私が大学院生だった頃、次のような印象深い出来事がありました。

 ある日、講義が始まる数分前、教壇に座っていた先生は少しも気にかけない様子で本をめくっていました。そして腕時計を見て、「5分後に講義を始めるぞ」と言いました。

 この時、一人の女性が教室に入ってきました。探し物をしているようで、扉を開けて教室を見渡していました。教壇に上がって一周歩き回ると、また降りて外に出て行きました。

 そして2、3分後に講義が始まると、先生は言いました。「皆さん、先ほど入って来た女性を見たでしょうか? よし、左側一列目の一番前の人から順番に、あの女性に対する第一印象を話してみてください」

 学生全員が記憶を探り始めました。確かに、みんなは彼女が入って来たのを目撃しました。ある学生は、「彼女は20~25歳位の女性で、髪が短くてダークブルーのスカートを身につけていた」と言い、別の学生は、「彼女は40代の中年女性で、髪が長くて黒いズボンを穿いていた」と言い、またある学生は、「彼女はカンカンに怒って、とても不愉快そうでした。髪の長さや何を穿いていたかまでは注意していませんでした」と言いました。

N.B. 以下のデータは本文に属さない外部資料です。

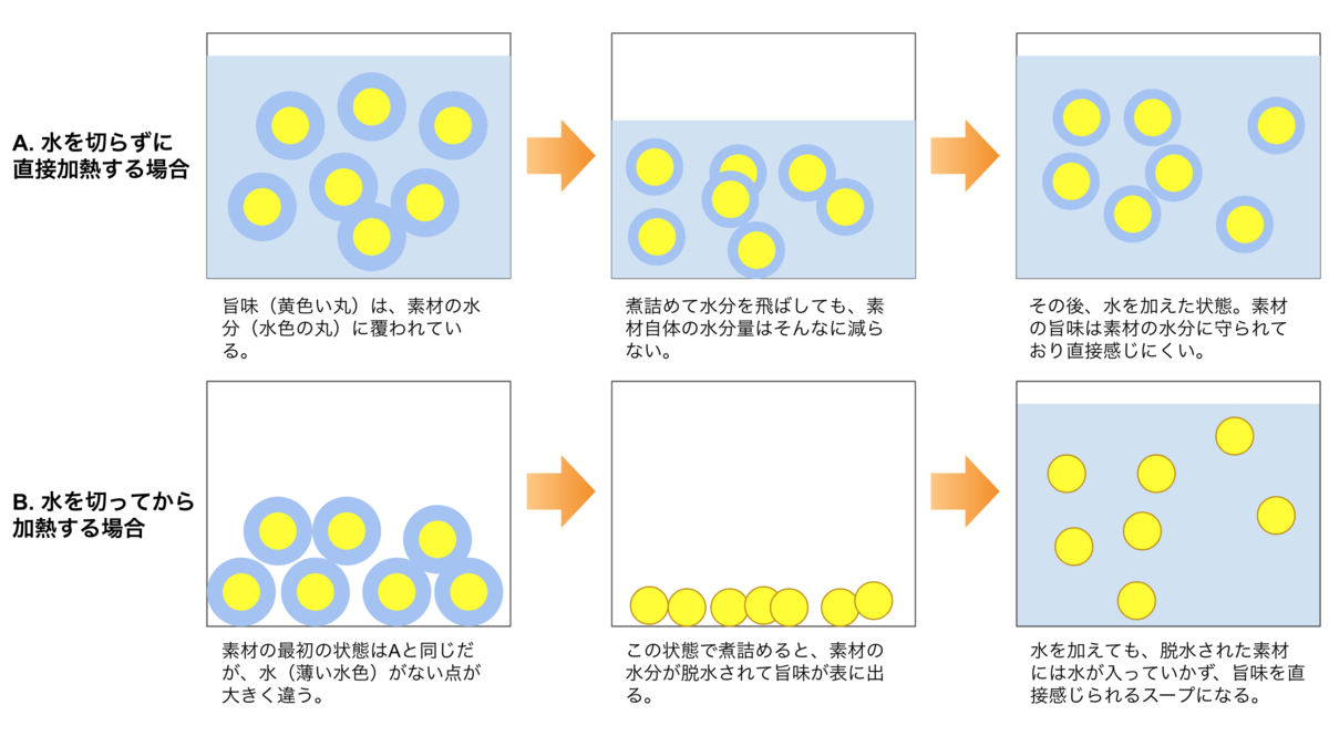 AとBではスープを飲んだ時に舌で直接感じられる旨味成分かどうかという点において大きな差が生まれていることがわかる。あくまで極端に模式化した図ではあるが、これを認識しているかどうかで料理の仕方というのもだいぶ変わってくるはず。
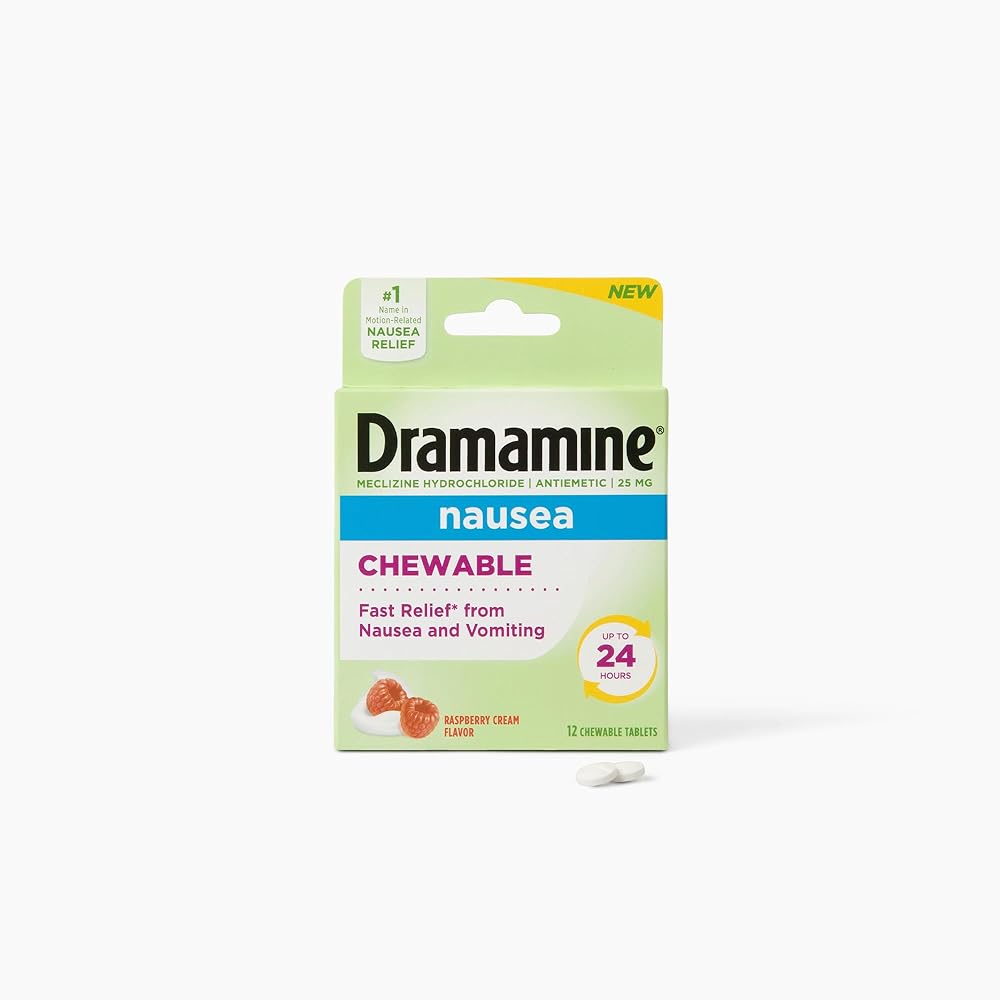 Dramamine Nausea Chewable provides fast relief* from nausea and vomiting. These raspberry cream chewables deliver nausea relief for up to 24 hours. Dye-free and convenient, they are an essential travel item for road trips, flights, and cruises. Suitable for adults and children ages 12 and up. For correct dosage, follow the directions on the package. Dramamine is the #1 brand in motion-related nausea relief (based on IRI data collected 7/14/24–7/13/25). For correct dosing, follow the directions on the package. Individual results may vary. *Fast relief refers to typical onset of relief within 30 minutes. Individual results may vary.
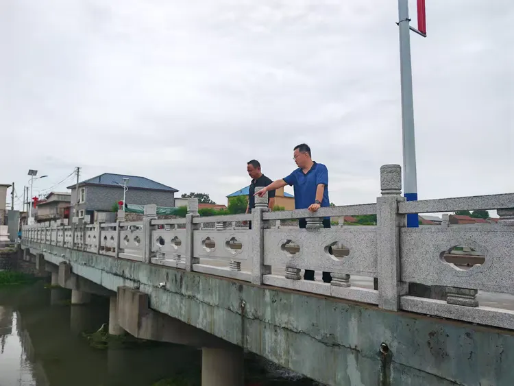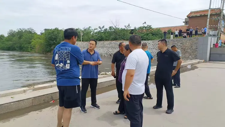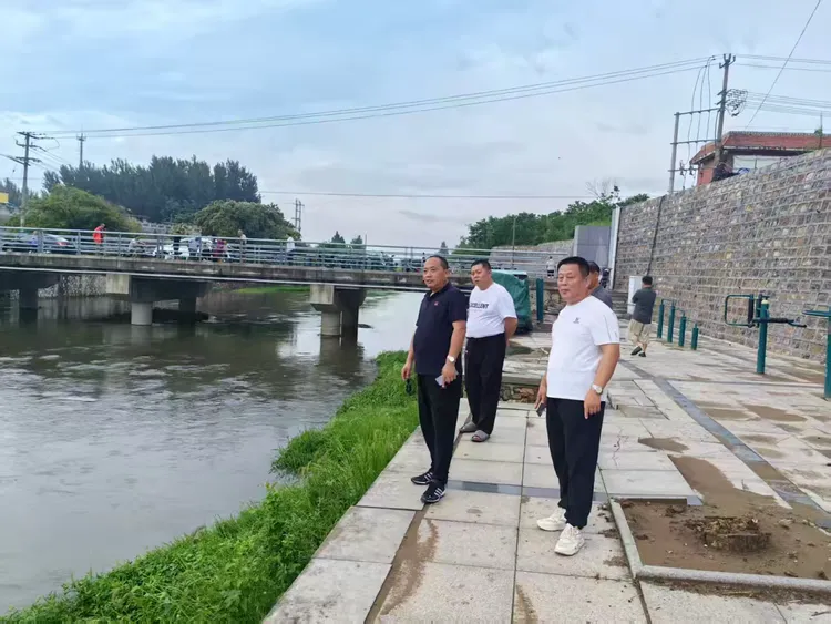 周密部署,织密预警防范网络。 汛情来临前,街道党工委召开会议,全面部署防汛任务。及时转发上级防汛信息,编写街道安全指南,通过各村村民群迅速传达至户到人;各党建工作区及部门严格执行24小时值班值守与夜间巡查制度;水位信息动态实时播报,确保预警信息传递无死角。街道领导带队到防汛一线,对金盘村两河汇流处、回村大桥、大沟崖桥、茂李桥、石家堰桥等关键点位及村内外排水沟渠进行全面巡查,排查整治风险隐患。各村网格员同步行动,重点关注独居老人、困难群众等群体的住房安全和生活需求,及时走访帮扶,多种渠道提醒群众注意汛期农业生产防护及家庭用电安全。

 全クラスの学生はそれぞれの記憶を話しましたが、完全に一致した記憶は一組もなく、まるで20数人の異なる「彼女」が入ってきたかのようでした。髪型といえばショートからお下げまで、年齢にすれば若年から年配まで、いろいろな描写がありました。服の色では更に意見が分かれ、スカート派とズボン派、どちらも自分の意見に固執していました。

 この後、先生はその女性を教室に呼び戻しました。全員が目を丸くし、同時に口をつぐみました……。

 彼女の特徴を全部挙げることができた人はいませんでした。あの時、誰もがちゃんと彼女を注意して見ておらず、みんなが自分のあやふやな記憶に頼って思い描いていたのです。似ても似つかない有様を言い争い、自分の意見だけが正しいと思い込んでいたのでした。

 この10分程度の出来事は、その後の私の生活と仕事に大きな影響を与えました。私も「自分が正しくて他人が間違っている」と固執していました。

 今、臨床で診察する際には、「先入観を持ち、第一印象で判断してはならない。うわべの事に因われなければ、病の本当の原因が究明できるに違いない」と、私はよく自分に言い聞かせています。